As discussed with @cristianvasquez @giacomociti @mchlrch, we propose that instead of implementing specialized monitoring steps, there should be a built-in feature to allow observing existing steps in a pipeline.

_Originally posted by @tpluscode in #121

tpluscode · 2023-04-26T12:24:12Z

For starters, I propose to all each step to be extended with at least two extension points:

after or flush
onChunk
onError

The first one already has an issue: #71

The second could be defined in a similar fashion, by adding function(s) to a step. Those functions would be called for every chunk, similarly to a PassThrough step but without accessing the underlying stream.

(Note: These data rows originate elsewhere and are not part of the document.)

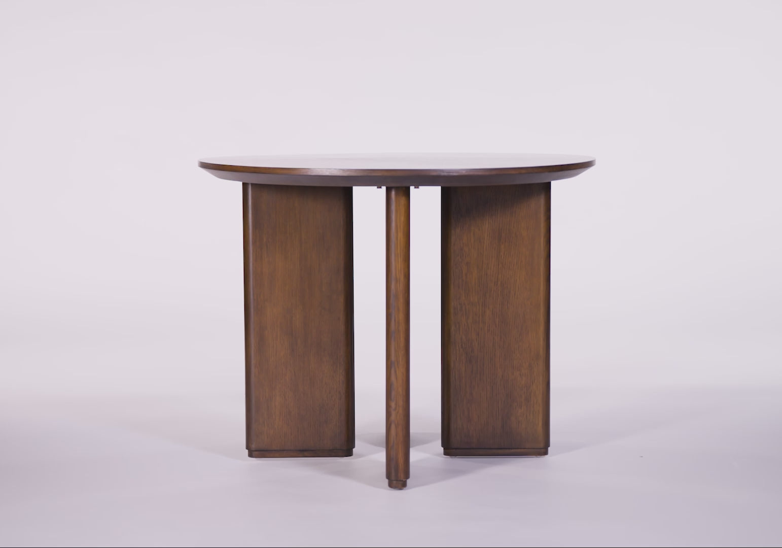 The Griffin Side Table blends timeless design with modern elegance. Crafted from white oak veneer and finished with a rich dark walnut stain, its generous scale makes a striking statement. The large surface offers ample space for a table lamp and other accessories, while the sleek blade legs, paired with inset plinth detail, it adds an elevated touch of sophistication. Perfect for enhancing any living room or bedroom with its refined, functional beauty.
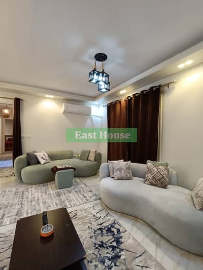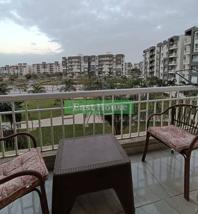 For rent, furnished in Madinaty, 3-room apartment in B12, modern furnishings, next to all services, wide garden view
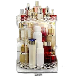 O Organizador de Maquiagem Acrílico é a solução perfeita para quem busca praticidade e organização em seu espaço de beleza. Com um design moderno e elegante, este organizador não só otimiza o armazenamento dos seus cosméticos, mas também acrescenta um toque sofisticado à sua decoração. Possui uma bandeja com quatro divisórias ideais para lápis de olho, rímel, batons e outros itens essenciais. A montagem e desmontagem são simples, e a base giratória de 360 permite acesso rápido e fácil aos seus produtos.
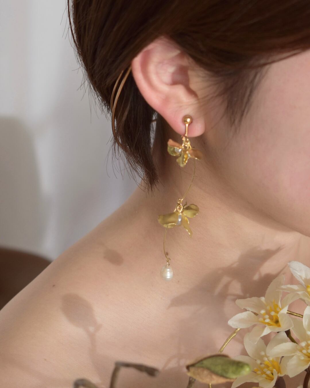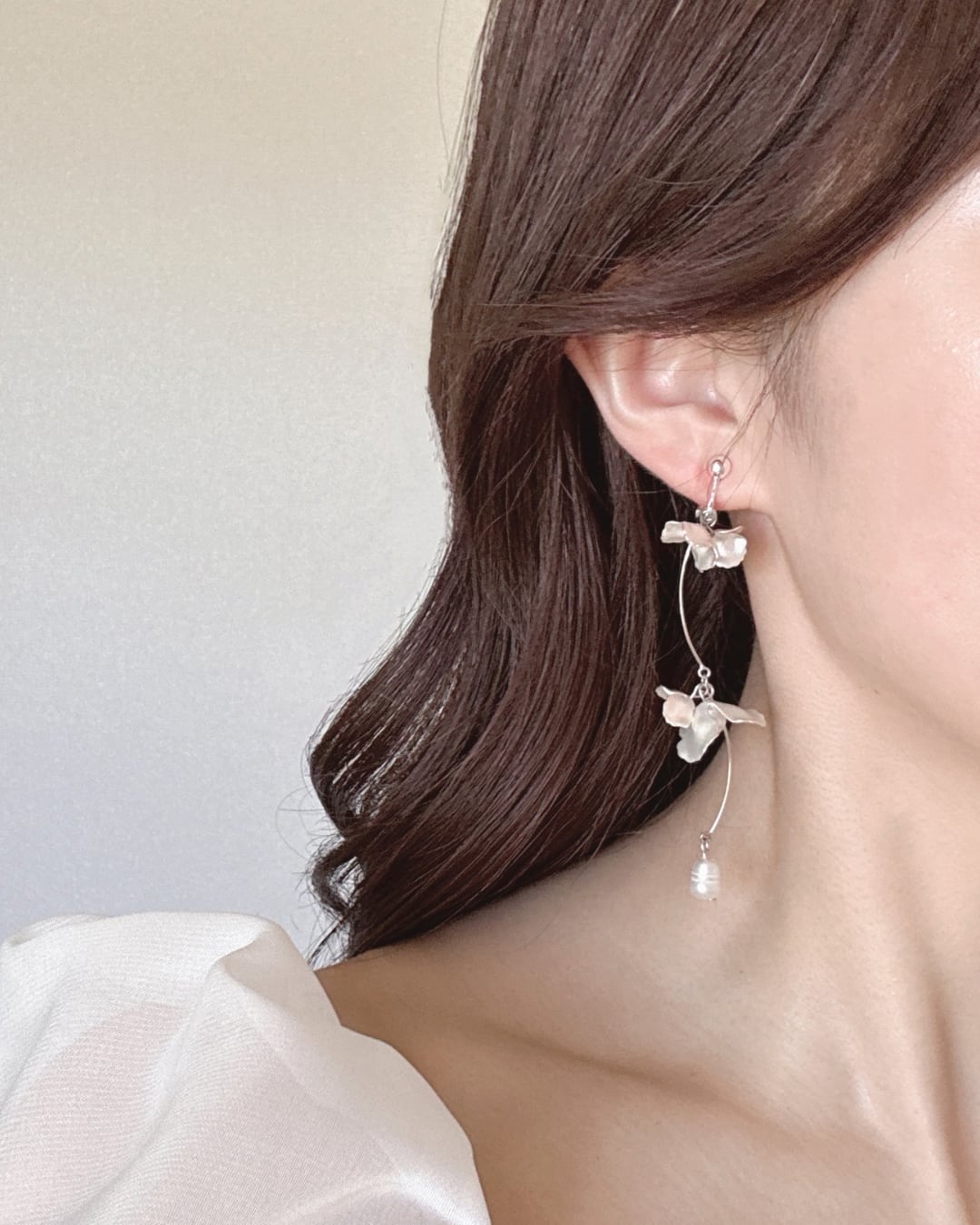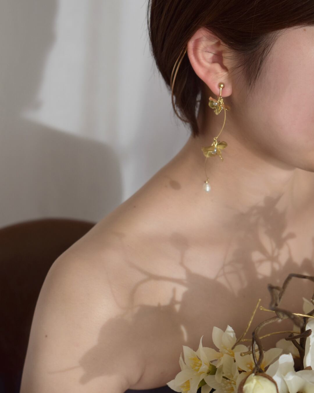 マットな質感のフラワーと淡水パールが

Here's a step which produces the final set of triples. The onChunk hook is implemented by a hypothetical hook which counts the passing quads and reports the total when pipeline finishes

<#serialize>
  a :Step ;
  code:implementedBy [
    a code:EcmaScriptModule ;
    code:link <node:barnard59-formats/ntriples.js#serialize> ;
  ] ;
  :hook [ 
    code:implementedBy [
      a code:EcmaScriptModule ;
      code:link <file:monitoring.js#counter> ;
    ] ;
  ] ;
.

// monitoring.js

// code:arguments can be declared in pipeline definition
export function counter(...args) {
  // the pipeline context can be accessed as in steps
  const { logger } = this

  let total = 0

  // a map of hooks is returned to allow them to access shared state
  // and we might add more hooks in the future
  // all hooks optional
  return {
    data(quad) {
      total++
    },
    flush() {
      logger.info(`Total quads processed: ${total}`)
    }
  }
}

cristianvasquez · 2023-04-26T12:31:00Z

I think I understand the spirit of the hooks. But wouldn't it be better that they were implicit? (not to be added to the code).

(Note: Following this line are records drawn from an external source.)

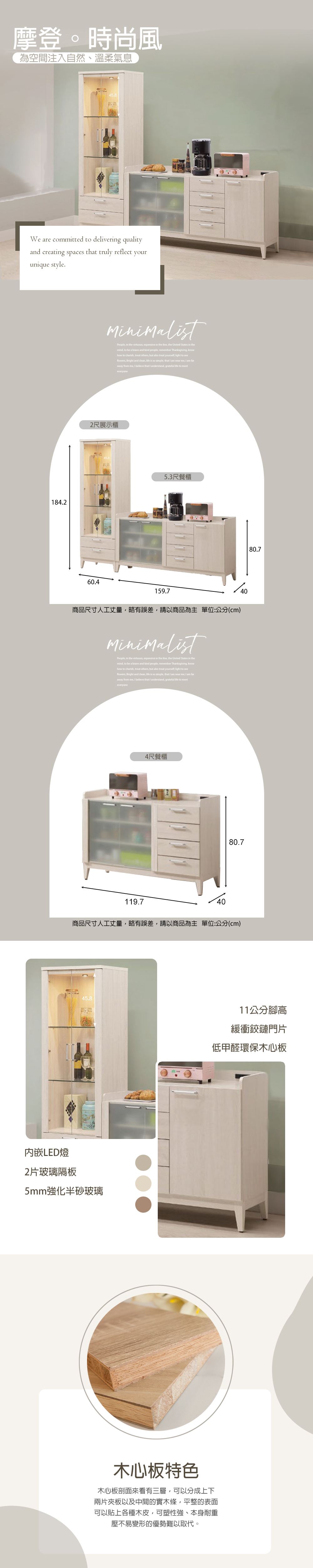 ◆4尺餐櫃:寬119.7X深40×高80.7公分
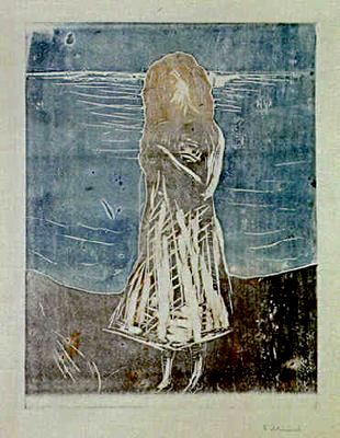 | Young woman on the shore, 1896. Acuatinta sobre zinc. 288 x 219 cm. Museo de Munch. Oslo. |
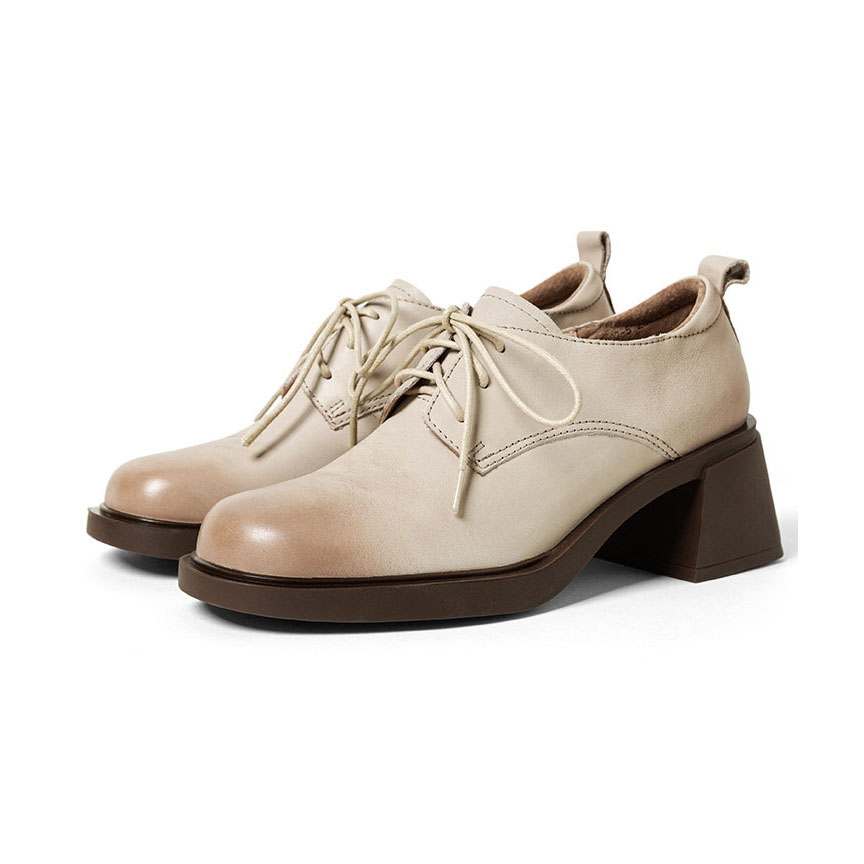Fashion classics wholesale custom logo round-toed thick heels small leather shoe

The ideal would be to observe a node of an arbitrary pipeline running

tpluscode · 2023-04-26T12:39:45Z

Not sure I understand @cristianvasquez. It makes sense to attach observability to every single step, if that's what you are proposing. You'd make a choice to count at specific points. For example, in museum we process API objects and convert them to RDF so might count the number of input objects and then the final number of quads.

And how do without code? Even monitoring could be implemented in multiple ways, such as otel

ludovicm67 · 2023-04-26T12:56:56Z

I like the idea of having such kind of hooks, because we can do what we want, and it will help a lot for debugging, like printing quads, generate some metrics, and so on.

cristianvasquez · 2023-04-26T13:21:36Z

And how do without code? Even monitoring could be implemented in multiple ways, such as otel

Yes, there can be many different implementations, with their design choices.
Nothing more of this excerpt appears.